Le marquis de Guerrande disait,
Quand il resta malade sur son lit :
— Si j’avais du papier et de l’encre,
J’aurais écrit une lettre ;

J’aurais écrit une lettre,
(Pour dire) à la marquise de venir à la maison….
…………………………………………………………
…………………………………………………………

Quand la lettre lui arriva,
Elle était dans la salle, à prendre ses ébats ;
Elle était dans la salle, à prendre ses ébats,
Quatre jeunes demoiselles (étaient) avec elle.

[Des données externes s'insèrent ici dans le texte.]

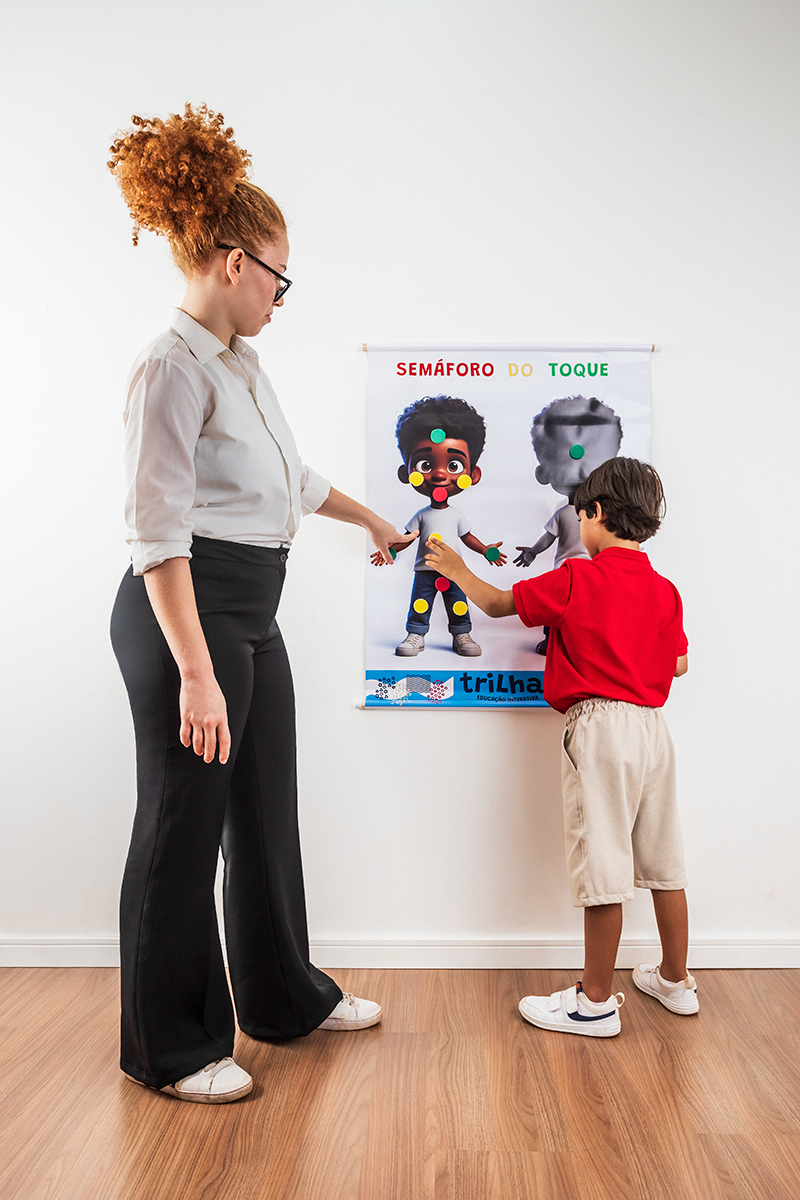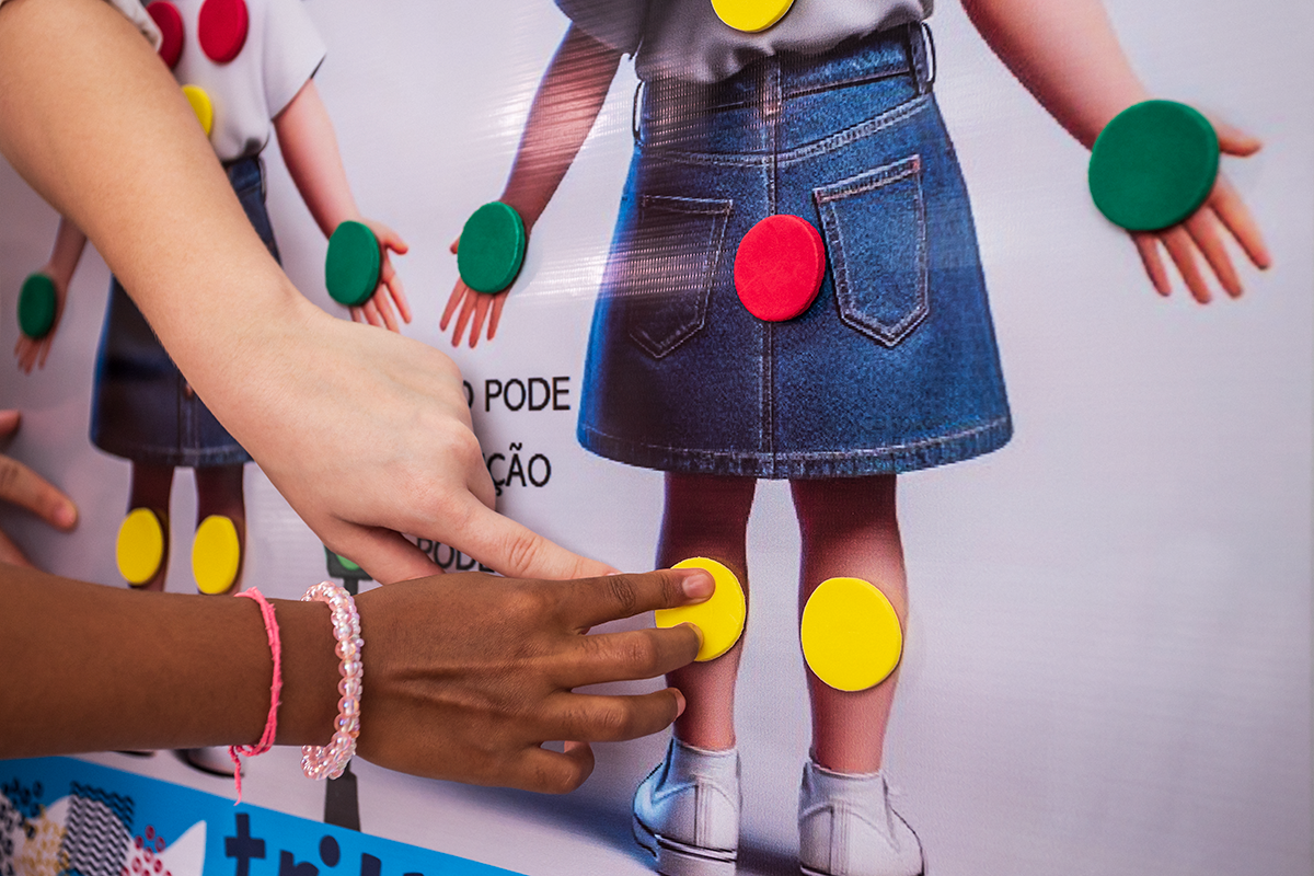 Uma ferramenta educativa que utiliza o conceito de semáforo para ensinar sobre os limites pessoais e a importância de identificar situações de abuso. A ferramenta conta com 2 unidades de banner, uma representando uma menina e outra
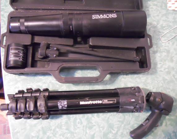AS PICTURED A SIMMONS SPOTTING SCOPE AND MANFROTTO TRIPOD. CASH PICK UP, NO VOICE MAIL.
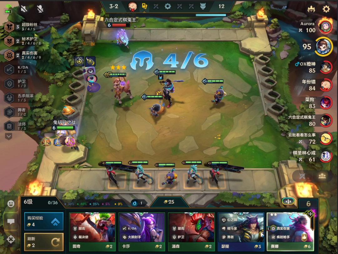 3-2升6人口,卖掉打工天选找赛娜卡特,根据天选补充厄斐琉斯或亚索开出4真实2射手即可。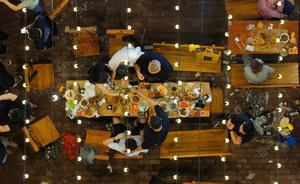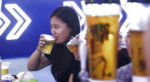 (250706) -- HARBIN, 6 julio, 2025 (Xinhua) -- Imagen del 5 de julio de 2025 de visitantes disfrutando de cervezas...
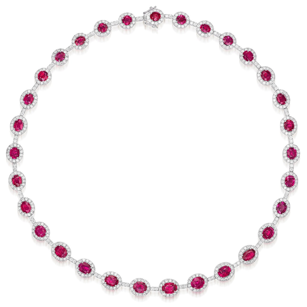 - Twenty-eight gradually set oval and cushion-shaped rubies, 23.01 carats total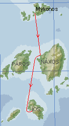 Savjet za Vas: Do Grčke( i natrag) može se vrlo jeftino stići i trajektima, a ne samo (skupim) avio-prijevozom. Od svih kompanija, prema našem iskustvu je najisplativije koristiti "ANEK LINES" koja saobraća svakodnevno izmedu Trsta i Patrasa, uz međupristajanja u Jonskom moru. Od Patrasa stalno voze (jeftini i brzi) autobusi do Pireja, a odatle polaze sve egejske brodske linije. Iako ovakav transfer ukupno traje oko 3 dana, mnogi, a narocito mladi, vole ga zbog druženja i doživljaja... Ako ste mladi i kanite u Grckoj mijenjati posadu, dobro je znati i za tu "trajektnu mogucnost". Ostavši bez pola posade, "Sing-Sing" je zaplovio dalje na jug... prema Naxosu i Iosu...Zašto "zaplovio" a ne "zajedrio"? Zato što je meltemi odjednom utihnuo, gotovo nestao. Razmotali smo našu jadransku veliku genovu, na koju smo u Grčkoj gotovo zaboravili! I gle čuda: do tada prazno obzorje, gdje danima nismo vidjeli ni jedno jedro, sada se je odjednom zabijelilo od brojnih nautičara, koji će ovo zatišje iskoristiti da se što ugodnije prebace do neke svoje slijedeće destinacije.
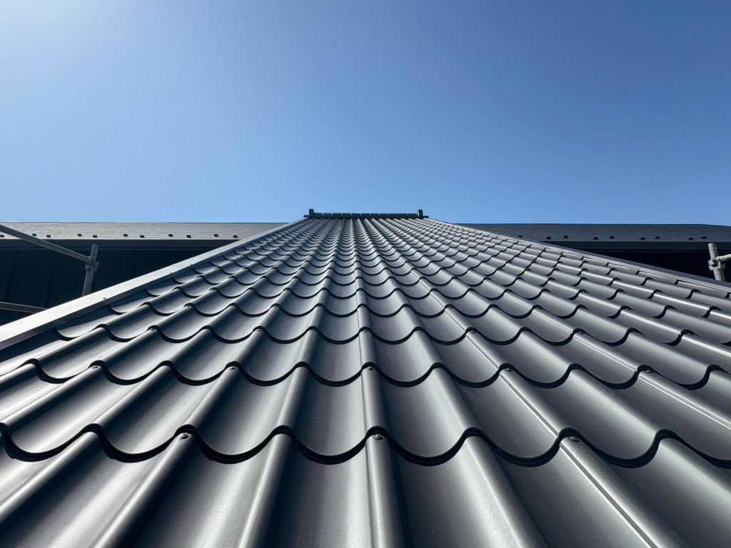 モダンな金属瓦。非常に軽量で高耐久、見た目や質感もご覧の通り美しいです。
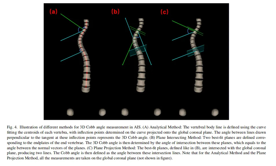 Analytical method(AM):椎體線被定義為最適合每個椎骨的質心(幾何中心)的曲線。這些質心投影到全局冠狀平面上(由連接股骨頭和Z軸的線定義)。WR-3D系統將自動將曲線的拐點(凹度發生變化的地方)識別為測量點,然后在這些拐點處垂直于切線繪制直線,這些垂直線之間的角度為三維Cobb角(下圖a)。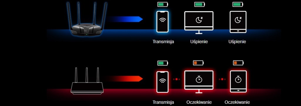 Standard ten reprezentuje szóstą generację sieci bezprzewodowych. Technologia wykorzystuje częstotliwości 2,4 Ghz oraz 5 GHz. Niekwestionowanym atutem takiego rozwiązania jest kapitalna szybkość połączenia nawet przy dużej liczbie urządzeń. Router, który pracuje w standardzie 802.11ax znajdzie szerokie zastosowanie zarówno w domu, jak i w biurze, zapewniając wygodę użytkowania na najwyższym poziomie.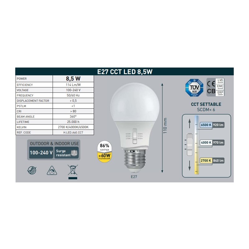 - LED incluse : Ampoule LED E27 8,5 W CCT longue durée et haute performance, offrant un éclairage à 360º.
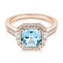 14k Rose Gold Aquamarine And Diamond Halo Fashion Ring
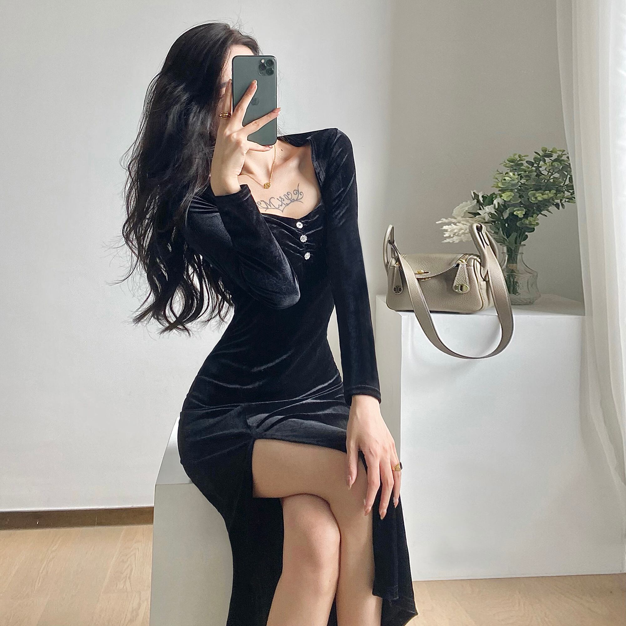 2021年秋新しいフランスのレトロな純粋な欲望風スリムスリムプリーツセクシーなスプリットサスペンダードレスの女性 オータム 秋物 ピュア yingd58822205323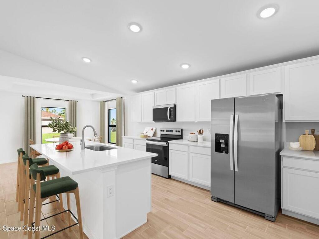 NEW CONSTRUCTION WITH WARRANTY! *Estimated delivery June 2026.* The Palm offers 1, 550 square feet of thoughtfully designed living space. The spacious Great Room with its vaulted ceiling flows effortlessly to the private covered lanai--ideal for indoor-outdoor living and entertaining. At the heart of this open layout, the kitchen features a freestanding island, walk-in pantry, and designer cabinetry, opening to a bright dining area with a tray ceiling and abundant natural light. The primary suite includes a generous walk-in closet and a private bath with dual vanities, a tiled shower, and convenient linen storage. Additional highlights include upgraded plank tile throughout the main living areas, designer cabinetry & quartz counters in the kitchen and baths, hurricane-impact windows and doors, stainless steel kitchen appliances, and an attached two-car garage. Pictures, renderings, & virtual tour are of similar home & are used for display purposes only.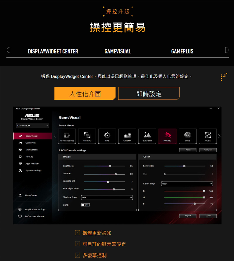 3、DisplayWidget Center 可讓您使用滑鼠輕鬆存取 OSD 選單及調整顯示器設定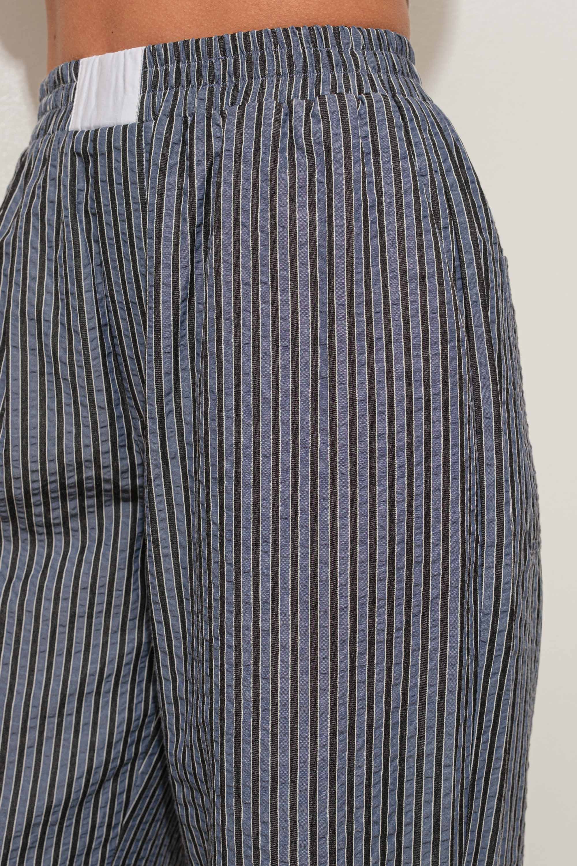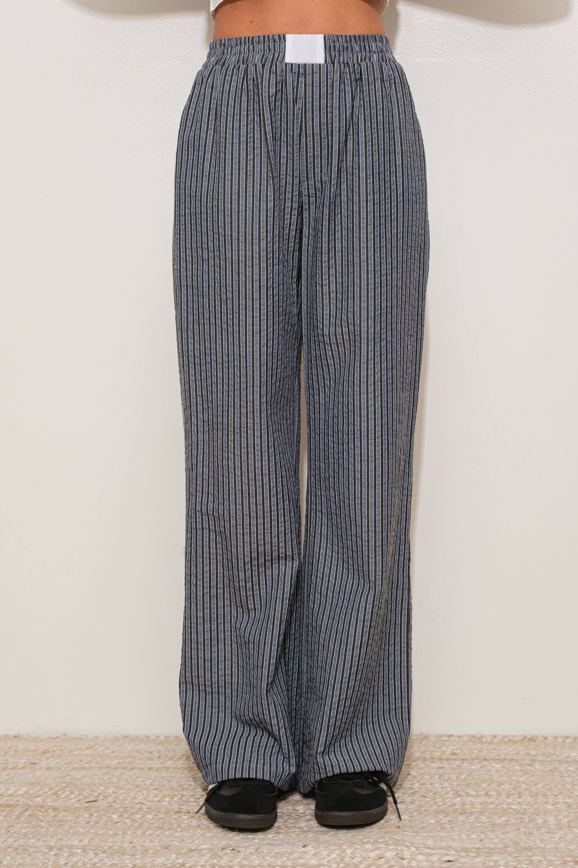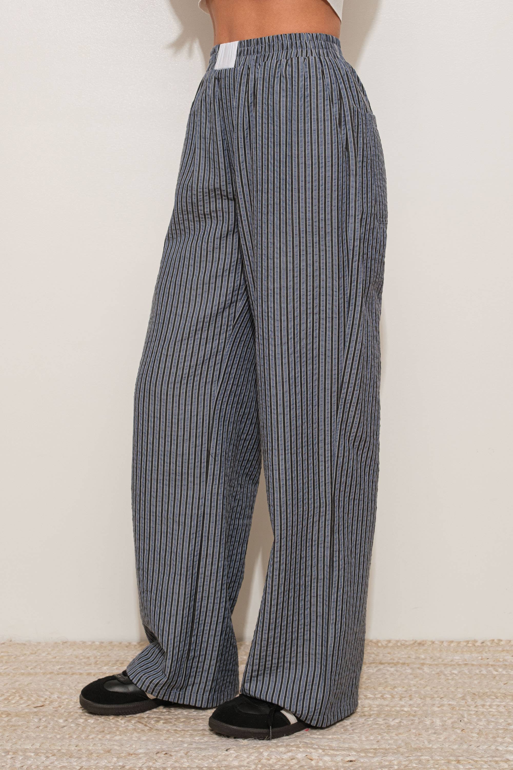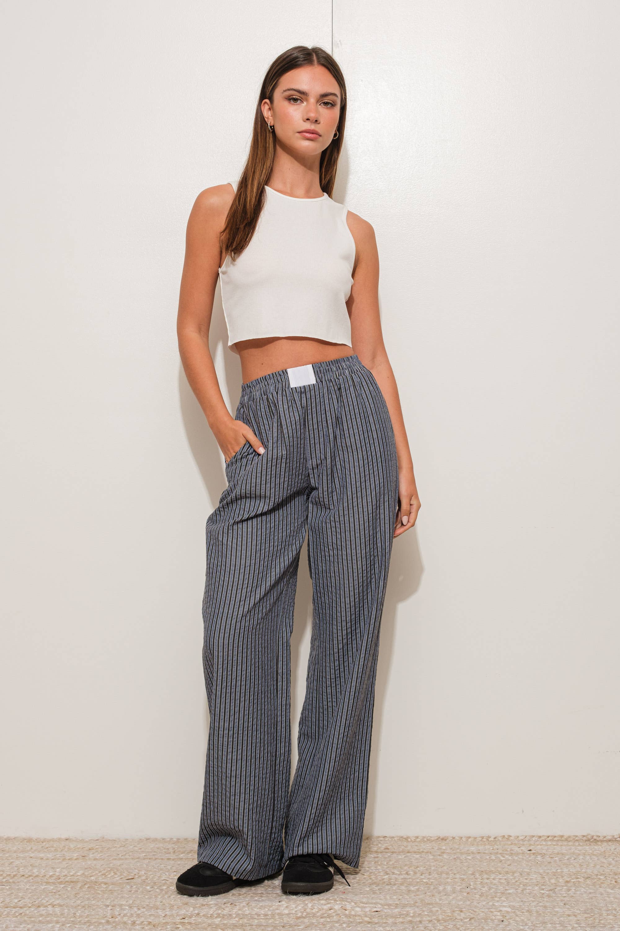 Get cozy and fall ready in these striped boxer and PJs inspired pants made of textured fabric. With a baggy, wide leg fit and high rise waist, you'll have plenty of room to lounge around or pair with a cute basic for busy end of summer days!

Elle ne l’avait pas à moitié lue,
Qu’elle demanda un escabeau pour s’asseoir :
— Attelez dix chevaux au carrosse,
Pour aller à Guerrande, cette nuit.

II

La marquise souhaitait le bonjour,
En arrivant dans la ville de Belle-Isle :
— Bonjour à vous, habitants de Belle-Isle,
Comment va monseigneur le marquis ?

— Nous n’avons pas été à Guerrande,
Depuis le dernier paiement.
La marquise souhaitait le bonjour,
En arrivant au bourg de Ploegat :

— Bonjour à vous tous, habitants de Ploegat,
Comment va monseigneur le marquis ?
………………………………………………………

La marquise souhaitait le bonjour
En arrivant à Guerrande :

  — Bonjour et joie à tous dans cette maison,
Mon pauvre mari où est-il ?
— Il est dans son lit, malade,
Marquise, allez auprès de lui.

  La marquise souhaitait le bonjour,
En arrivant dans la chambre blanche :
— Pardon, dit-elle, mon mari,
Pour avoir quitté la maison.

  — Ce n’est pas à vous de demander pardon,
Mais à moi-même, madame ;
C’est moi qui vous ai offensée,
Quand je vous chassai.

  Ma pauvre femme, si vous étiez contente,
Je ferais mon testament ?
— Faites le testament que vous voudrez,
Comme vous direz il sera fait.

  — À Guerrande sera bâti
Un couvent, neuf, en assurance,
Et il y aura douze pauvres,
D’aujourd’hui à jamais.

  Ils auront de la bouillie passée au crible, à midi.
De la viande et de la soupe deux fois par jour ;
De la viande et de la soupe deux fois par jour,
Du pain de seigle sera bon pour eux.

  Je donne deux cents écus à Trédrez,
Et deux cents à Saint-Michel-en-Grêve,
Un orgue neuf aux habitants de Plestin,
Pour qu’ils se souviennent du marquis.

  (Je donne) deux cents autres écus à Lezividi (?)
Parce que j’en suis le fondateur,
Et deux cents autres écus aux habitants de Ploegat,
Pour qu’ils se souviennent du marquis.

  Entre Morlaix et Guerrande
J’ai cent et une marquises ;
(Je donne) cent écus à chacune d’elles,
Pour les aider à élever leurs enfants ;

  Pour les aider à élever leurs enfants,
Parce que c’est moi qui en suis la cause ;
De plus, (je donne) deux cents écus à Saint-Jean
Pour que je puisse mourir sans blâme.


  — Mon pauvre mari, comment ferai-je ?
Je suis, en ce moment, sans ressources.
— Tenez, madame, prenez les clefs,
Et ouvrez les trésors ;

  Et ouvrez les trésors,
Que vous n’avez pas vus il y a dix-huit ans.
La marquise fut étonnée,
Quand elle ouvrit les trésors,

  De voir l’or et l’argent
Qu’il y avait à Guerrande ;
De voir l’argent et l’or
Qu’à Guerrande il y avait ![1]


Chanté par une servante d’auberge.
Au bourg de Plœgat-Goerrand. — 1863.








  1. Les quatre pièces qui précèdent se rapportent à Charles-Marie-Gabriel Duparc, marquis de Locmaria.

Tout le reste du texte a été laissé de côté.